Less than a fortnight later he crashed his car outside his Florida home, an incident that led to revelations about his private life and a break from golf.

"As a professional, I think Augusta's where I need to be, even though it's a while since I last played," he said.

Following the storm of publicity about his personal conduct at the end of last year, Woods made his first public appearance in February to apologise for his actions.

The 34-year-old revealed he had been having ongoing therapy for his extra-marital affairs, but added he did not yet know when he would be ready to return to competitive golf.

There had been suggestions he could make a comeback at either the Tavistock Cup tournament in Florida on 22/23 March or the Arnold Palmer Invitational, which starts on 25 March, but instead he has announced it will be at the Masters, the year's first major.

Woods has won four times at Augusta National, including the first of his 14 major titles in 1997 when he won by a record 12 shots as a 21-year-old to become the first black player to win a major.

"I have undergone almost two months of inpatient therapy and I am continuing my treatment," Woods added.

"Although I'm returning to competition, I still have a lot of work to do in my personal life. When I finally got into a position to think about competitive golf again, it became apparent to me that the Masters would be the earliest I could play.

"I called both Joe Lewis and Arnold Palmer and expressed my regrets for not attending the Tavistock Cup and the Arnold Palmer Invitational.

"I again want to thank them both for their support and their understanding. Those are fantastic tournaments and I look forward to competing in them again.

"I would also like to thank the Augusta National members and staff for their support. I have deep appreciation for everything that they do to create a wonderful event for the benefit of the game."

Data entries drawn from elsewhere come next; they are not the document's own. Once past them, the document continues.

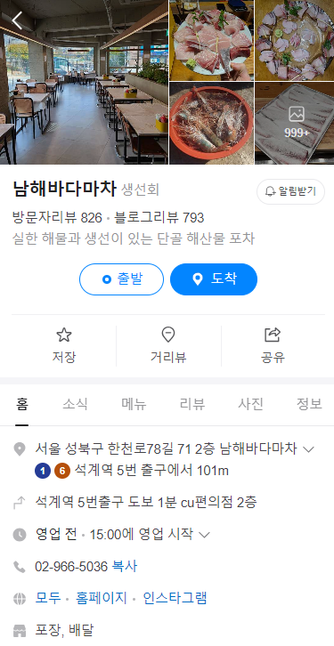 석계역 바로 옆에 위치한 남해바다마차도 맛집입니다.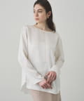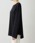 ■やや長めなワイドストレートの袖に、裾をラウンドさせたシルエットが一枚でもサマになるデザイン。
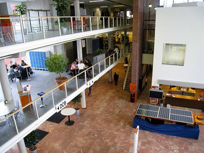 Hanze Universityn viihtyisä aula, jossa esillä opiskelijaprojektin tuloksena syntynyt kilpailuvoittaja - aurinkopanelivene.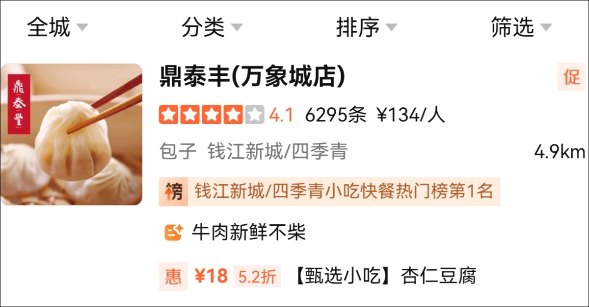 橙柿记者搜索发现,目前杭州仅万象城还有一家鼎泰丰。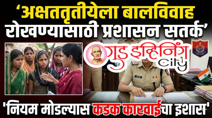 बुलढाणा १६ एप्रिल ( गुड इव्हीनींग सिटी ): अक्षयतृतीयेचा मुहूर्त अत्यंत शुभ मानला जात असला तरी या दिवशी छुप्या मार्गाने बालविवाह होण्याची शक्यता लक्षात घेऊन प्रशासनाने सतर्कता वाढविली आहे. ग्रामीण व शहरी भागात १९ एप्रिल रोजी होणाऱ्या विवाह सोहळ्यांमध्ये बालविवाह होणार नाही, याची विशेष दक्षता घेण्याचे आवाहन जिल्हा महिला व बाल विकास अधिकारी अमोल डिघुळे यांनी केले आहे.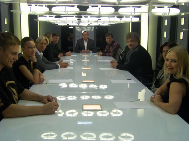 За столом в студии на сьемках программы 12 канала ДТВ,эфир нашей программы конец ноября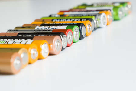 BOBRUISK, BELARUS 17.08.2020: Many multi-colored batteries AA and AAAon a white background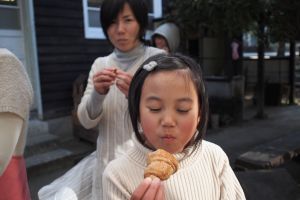 | 形成したパンを窯へ投入 | 焼きたてのパンを試食 |

Augusta National chairman Billy Payne said in a separate statement: "We support Tiger's decision to return to competitive golf beginning at this year's Masters tournament.

"Additionally, we support and encourage his stated commitment to continue the significant work required to rebuild his personal and professional life."

Tim Finchem, commissioner of the PGA Tour, added: "He has invested a lot of time taking steps, both in his personal and professional life, in order to prepare for his return. We all wish him and his family the best as he rejoins the Tour."